**** Stored data
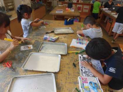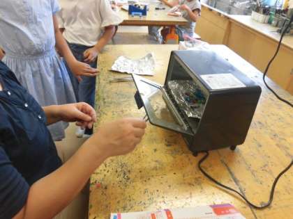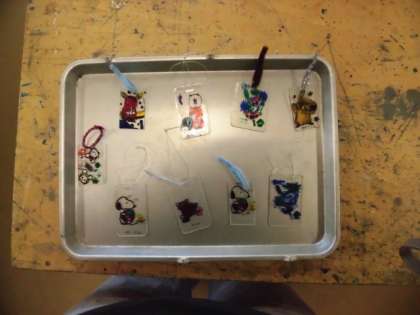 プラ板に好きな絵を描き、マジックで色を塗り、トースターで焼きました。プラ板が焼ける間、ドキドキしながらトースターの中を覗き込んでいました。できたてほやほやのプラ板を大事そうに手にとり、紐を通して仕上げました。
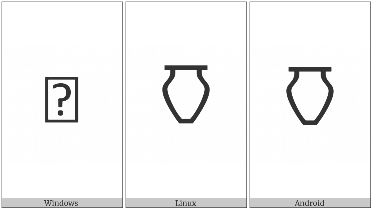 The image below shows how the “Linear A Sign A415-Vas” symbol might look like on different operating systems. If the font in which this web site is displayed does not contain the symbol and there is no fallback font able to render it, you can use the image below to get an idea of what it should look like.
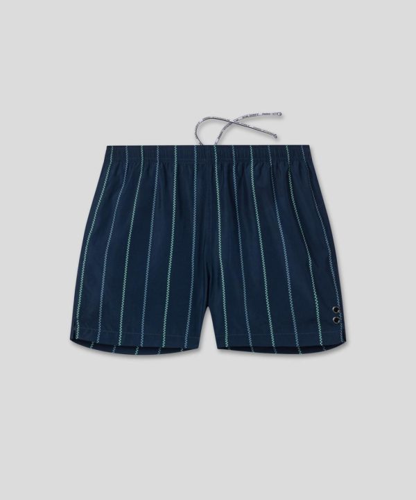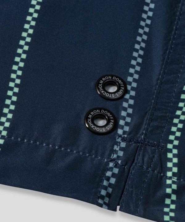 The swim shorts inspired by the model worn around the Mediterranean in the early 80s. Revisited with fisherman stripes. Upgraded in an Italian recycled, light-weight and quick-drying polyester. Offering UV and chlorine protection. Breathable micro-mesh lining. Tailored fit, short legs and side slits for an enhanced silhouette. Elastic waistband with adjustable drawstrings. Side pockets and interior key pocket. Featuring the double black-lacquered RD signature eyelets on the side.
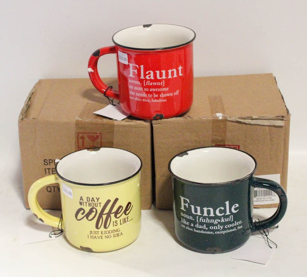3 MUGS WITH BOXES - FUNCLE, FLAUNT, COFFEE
********
**Your task:** All the data above is to be transcribed exactly, with no pictures included.

**Your solution:**
 プラ板に好きな絵を描き、マジックで色を塗り、トースターで焼きました。プラ板が焼ける間、ドキドキしながらトースターの中を覗き込んでいました。できたてほやほやのプラ板を大事そうに手にとり、紐を通して仕上げました。
 The image below shows how the “Linear A Sign A415-Vas” symbol might look like on different operating systems. If the font in which this web site is displayed does not contain the symbol and there is no fallback font able to render it, you can use the image below to get an idea of what it should look like.
 The swim shorts inspired by the model worn around the Mediterranean in the early 80s. Revisited with fisherman stripes. Upgraded in an Italian recycled, light-weight and quick-drying polyester. Offering UV and chlorine protection. Breathable micro-mesh lining. Tailored fit, short legs and side slits for an enhanced silhouette. Elastic waistband with adjustable drawstrings. Side pockets and interior key pocket. Featuring the double black-lacquered RD signature eyelets on the side.
3 MUGS WITH BOXES - FUNCLE, FLAUNT, COFFEE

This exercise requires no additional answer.